Thats it! Nice and simple. Check out this recent survey by Angelopolous and Bates for an accessible introduction to conformal prediction. 

But a few things could go wrong. First, the technique of using a holdout set only works if the data is i.i.d. or more generally exchangable --- i.e. the data distribution should be permutation invariant. But maybe its coming from some changing distribution. If the distribution has changed in an expected and well behaved way, there are some fixes that let you apply the same framework, but if not you are likely in trouble.

A joke about non-exchangable data

Second, an average over everyone might not be what you care about. If we are in a personalized medicine setting, you might care about the reliability of predictions not just overall, but for women with a family history of diabetes and egg allergies --- or whatever else you think is medically relevant about you as an individual.

This is the problem that we want to solve: How to give prediction sets that cover their label 90% of the time even if we make no assumptions at all about the data generating process, and even if we care about coverage conditional on arbitrary intersecting subsets of the data.

We want stronger guarantees in another way too. If you think about our goal, there is a way to cheat: 90% of the time, predict the (trivial) set of all labels. 10% of the time predict the empty set. This covers the real label 90% of the time, but is completely uninformative.
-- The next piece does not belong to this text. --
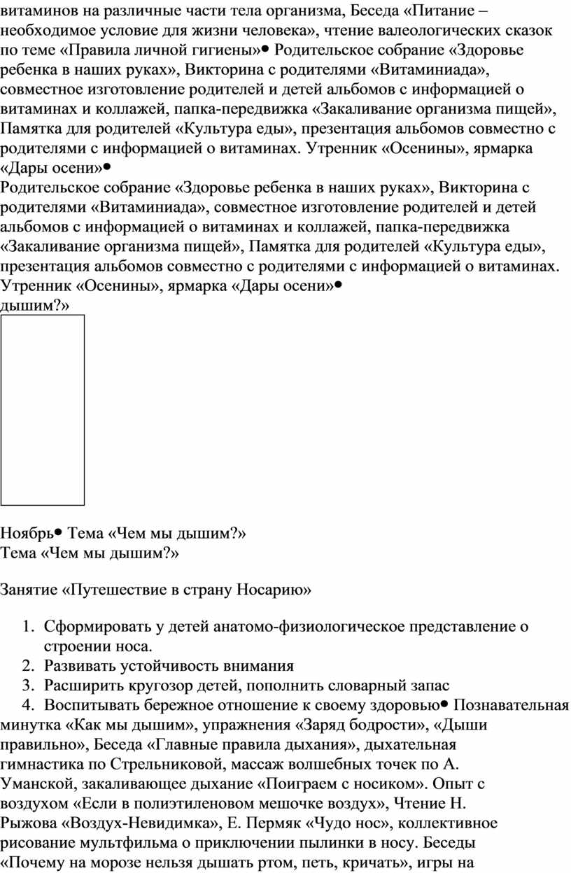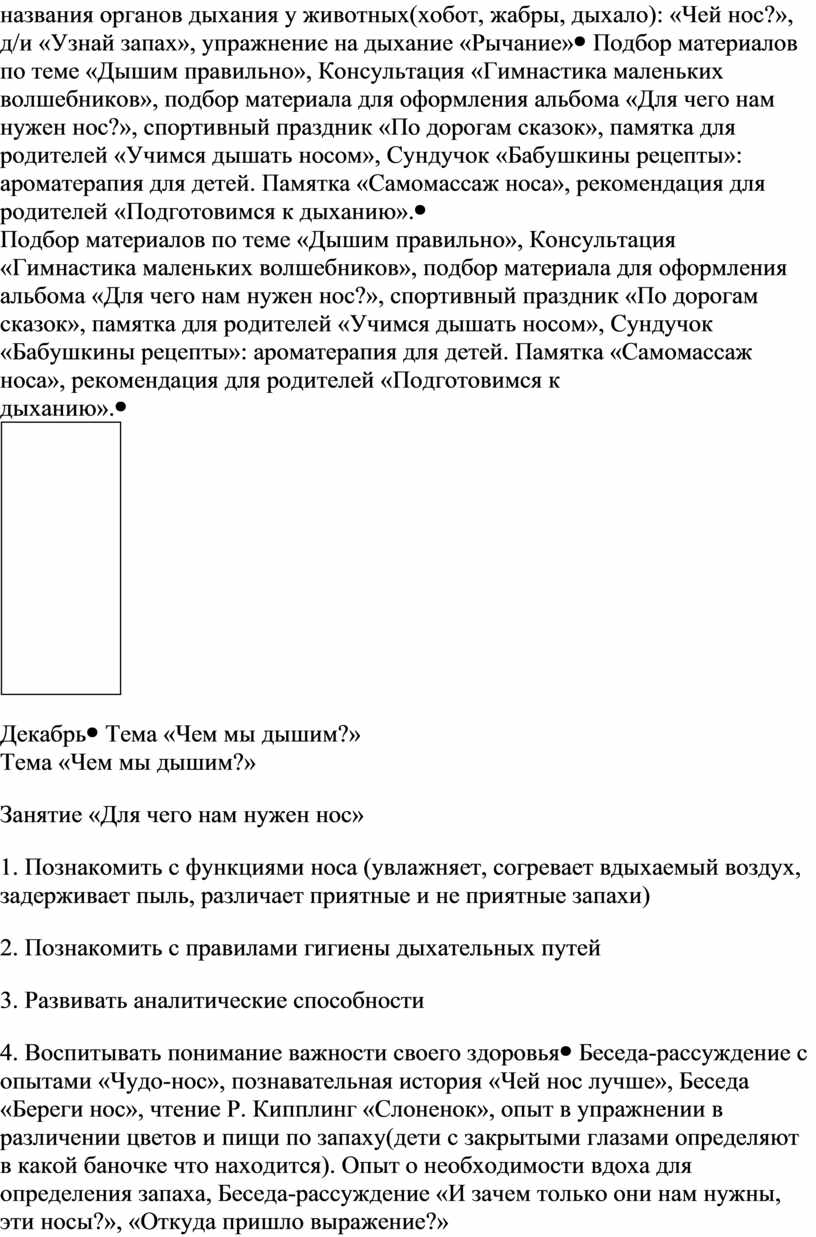 Познавательная минутка «Как мы дышим», упражнения «Заряд бодрости», «Дыши правильно», Беседа «Главные правила дыхания», дыхательная гимнастика по Стрельниковой, массаж волшебных точек по А. Уманской, закаливающее дыхание «Поиграем с носиком». Опыт с воздухом «Если в полиэтиленовом мешочке воздух», Чтение Н. Рыжова «Воздух-Невидимка», Е. Пермяк «Чудо нос», коллективное рисование мультфильма о приключении пылинки в носу. Беседы «Почему на морозе нельзя дышать ртом, петь, кричать», игры на закрепление названия органов дыхания у животных(хобот, жабры, дыхало): «Чей нос?», д/и «Узнай запах», упражнение на дыхание «Рычание» |
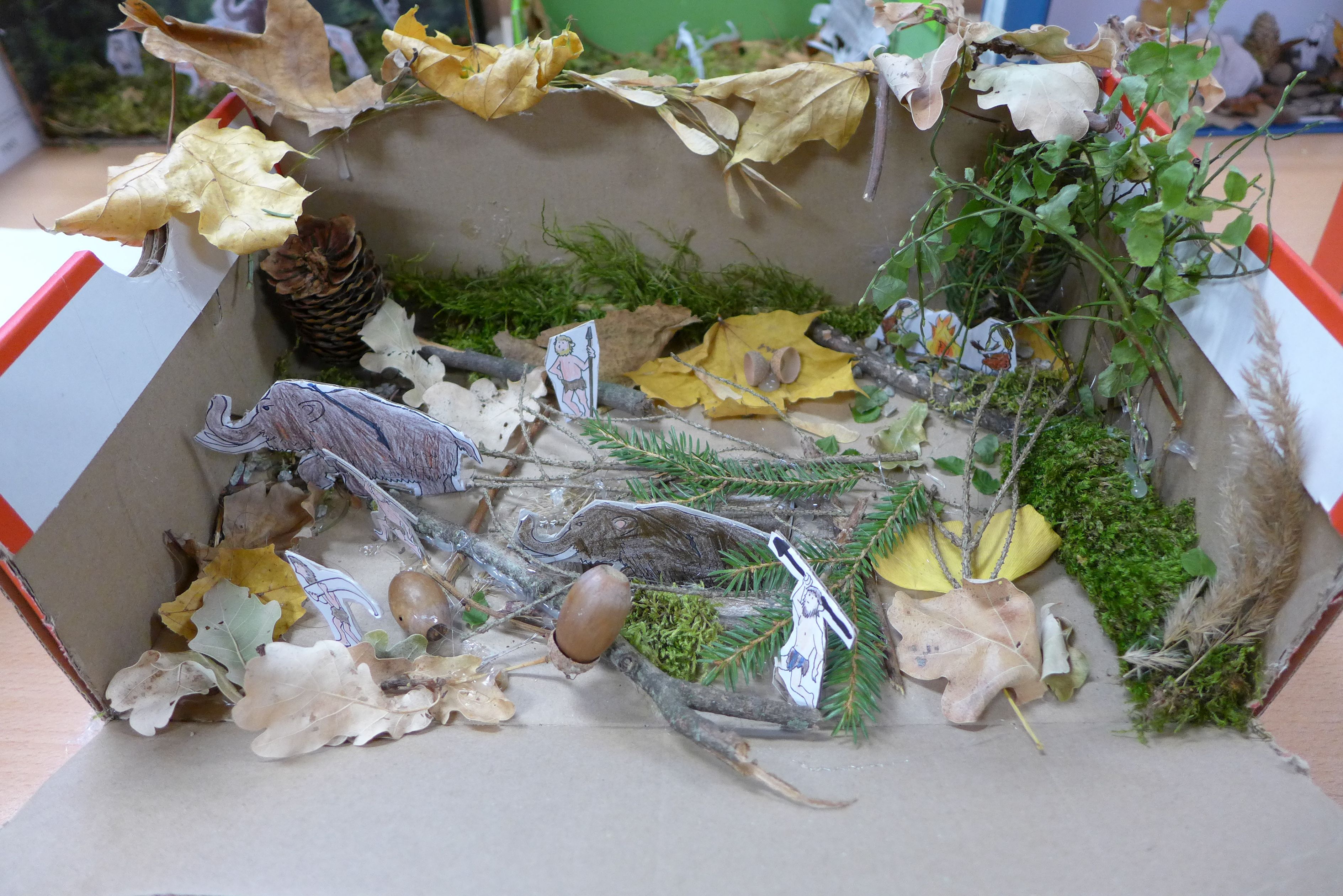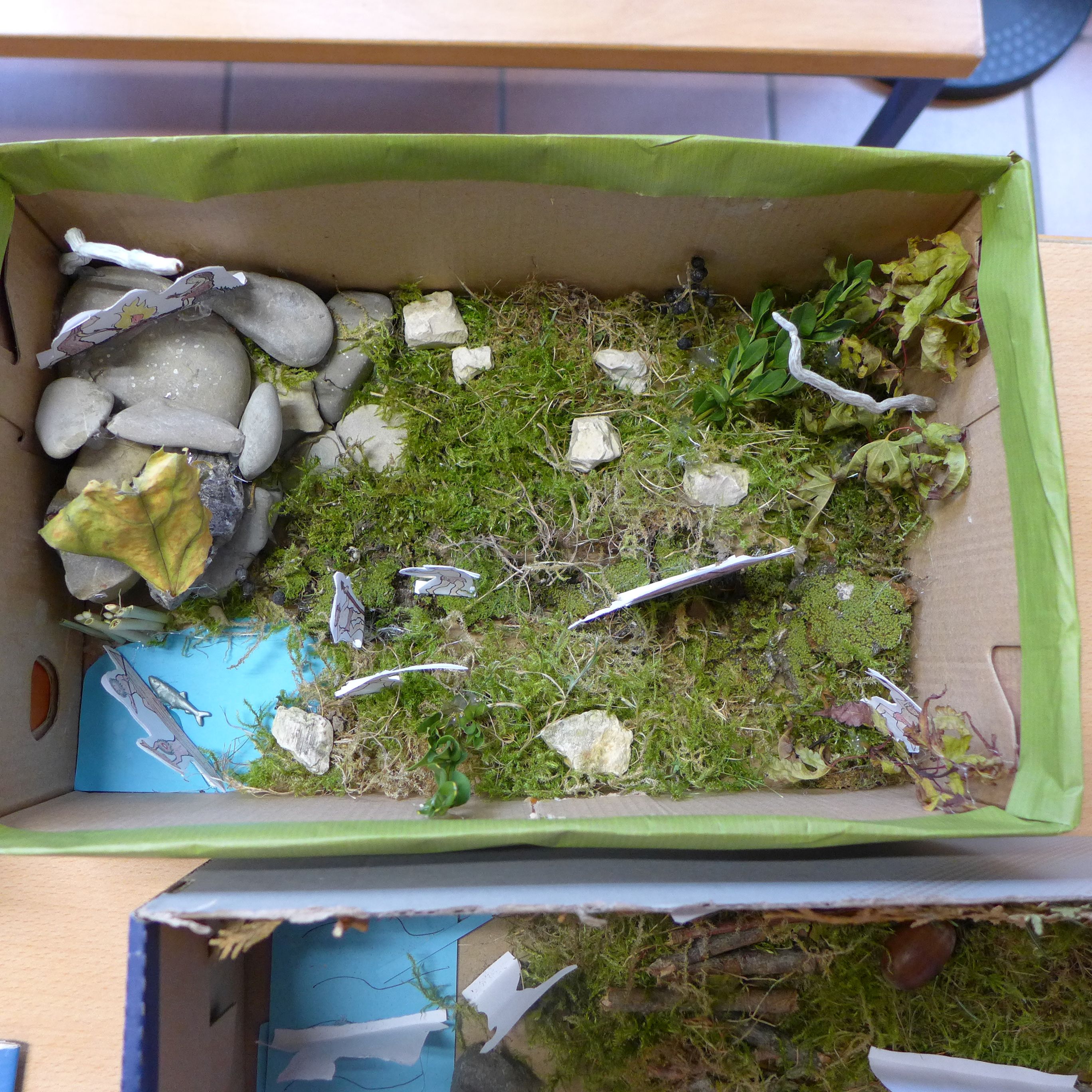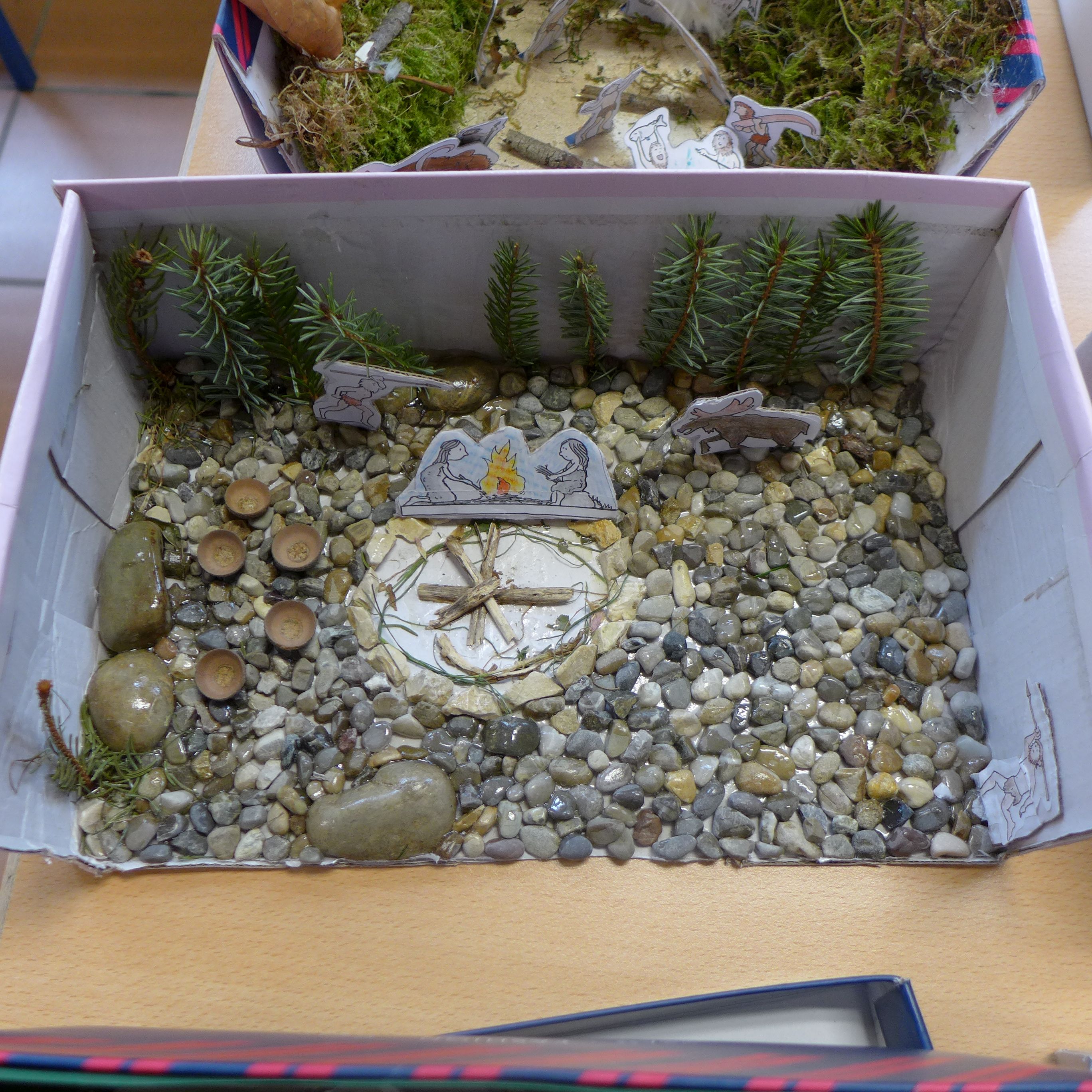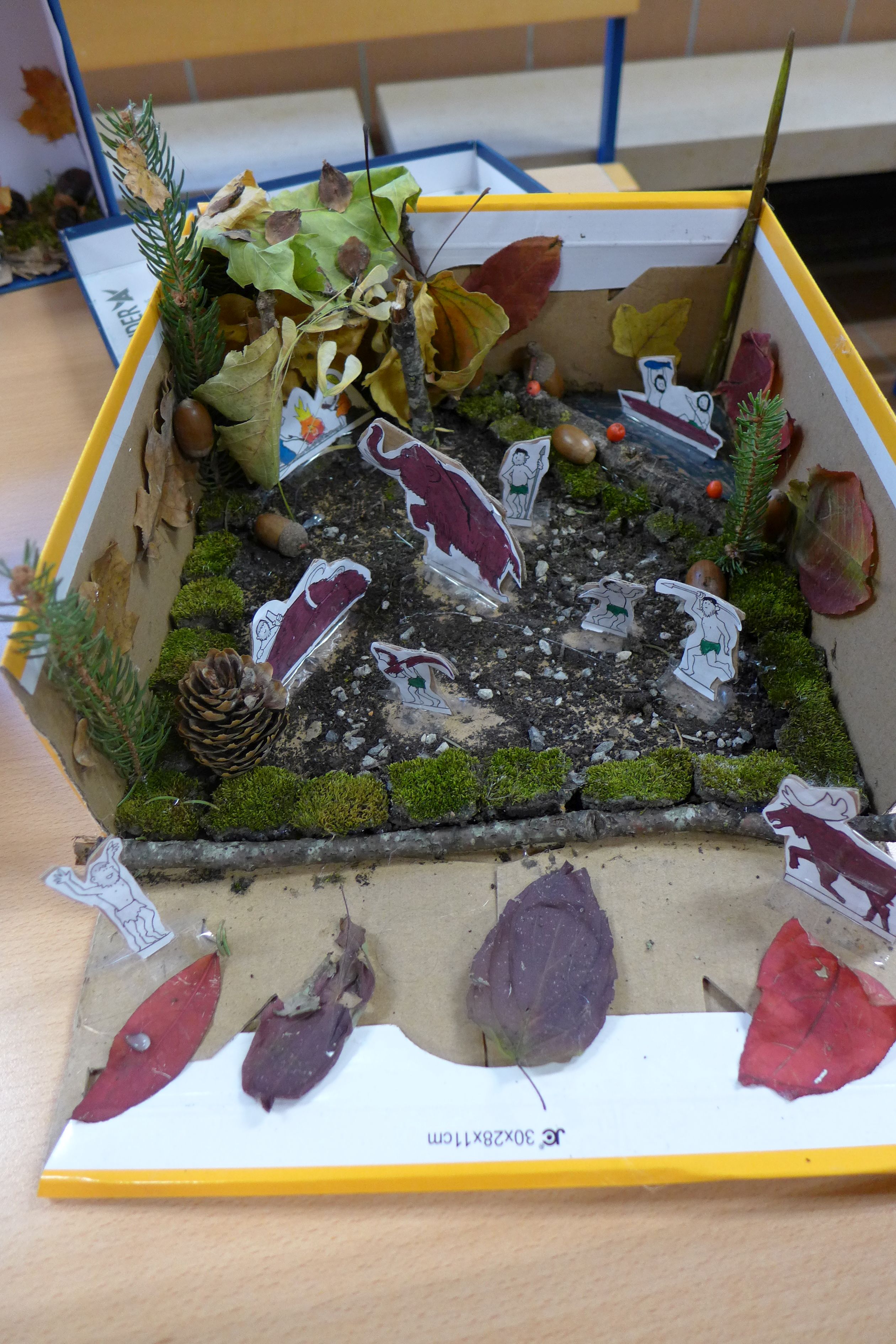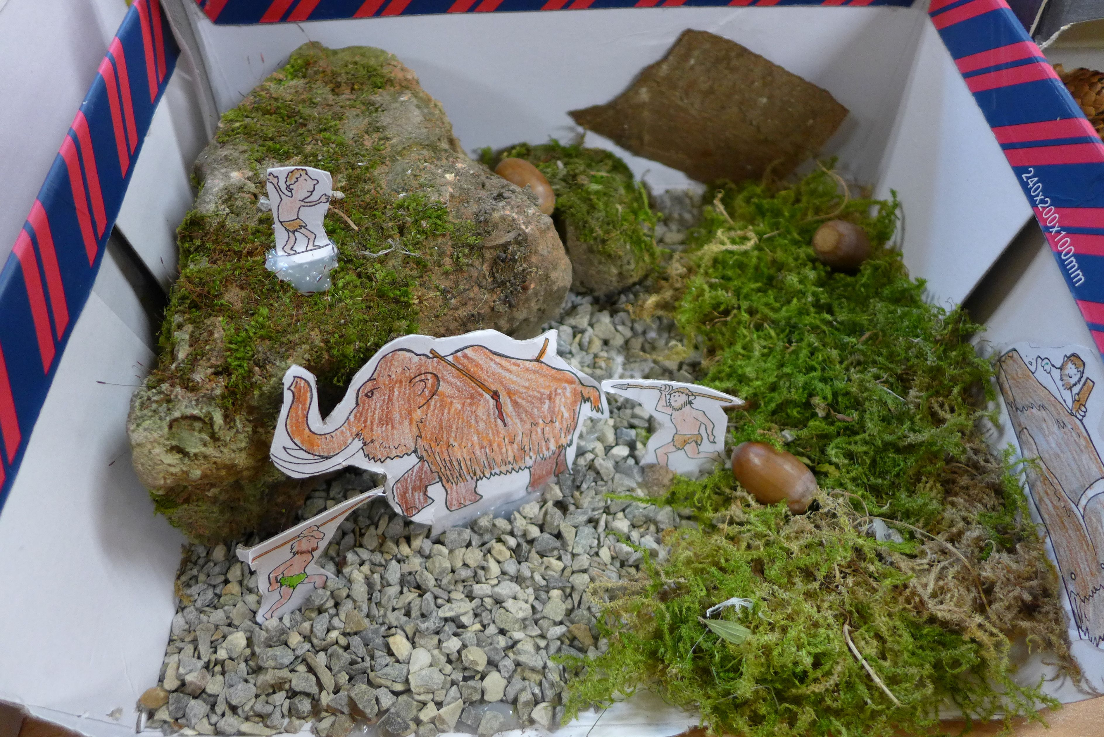 In einem dreistündigen Miniprojekt sollten die Schülerinnen und Schüler der sechsten Klassen im Fach Geschichte die Jagdszene durch das Darstellen einer Altsteinzeitlichen Jagdszene in einem Schuhkarton („History in a box“) weitererzählen.

To avoid this "solution", we also ask that our predictions be threshold calibrated. Remember our prediction sets have the form $P_t(x) = \{y : s(x,y) \leq \tau_t\}$. Now the threshold $\tau_t$ might be different every day. But we want 90% coverage even conditional on the value of $\tau_t$.

This rules out cheating. Remarkably (I think!), for every set of groups specified ahead of time, we're able to guarantee that even if the data is generated by an adversary, that our empirical coverage converges to 90% at the statistically optimal rate. Here is what that means:

Pick a threshold $\tau$ and group $G$. Consider all $n_{\tau,G}$ rounds in which the example $x$ was in $G$, and in which we predicted threshold $\tau$.  We promise that on this set, we cover 90% $\pm$ $1/\sqrt{n_{\tau,G}}$ of the labels. This is the best you could do even with a known distribution.

The best thing is that the algorithm is super simple and practical. We had a paper last year that showed how to do much of this in theory --- but the algorithm from that paper was not easily implementable (it involved solving an exponentially large linear program with a separation oracle).  But here is our new algorithm --- it only involves doing a small amount of arithmetic for each prediction:

So we're able to implement it and run a bunch of experiments. You can read about them in detail in the paper, but the upshot is that our new method is competitive with split conformal prediction even on "its own turf" --- i.e. when the data really is drawn i.i.d. and we only care about marginal coverage --- and really excels when the data comes from a more complicated source, or when we measure group-conditional coverage, which traditional methods tend to have much more trouble with. We run experiments on regression and classification tasks, on exchangeable data, under distribution shift, on real time series data, and on adversarial data orderings. Even when the data is i.i.d. and we only care about marginal coverage, our method has an important advantage over split conformal prediction --- since we don't need to preserve exchangability, we can use all of the data to train the underlying model, whereas split conformal prediction needs to reserve some fraction of it for a holdout set. The result is faster learning for our method, which results in smaller/more accurate prediction sets even without the complicating factors of groupwise coverage, threshold calibration or adversarial data!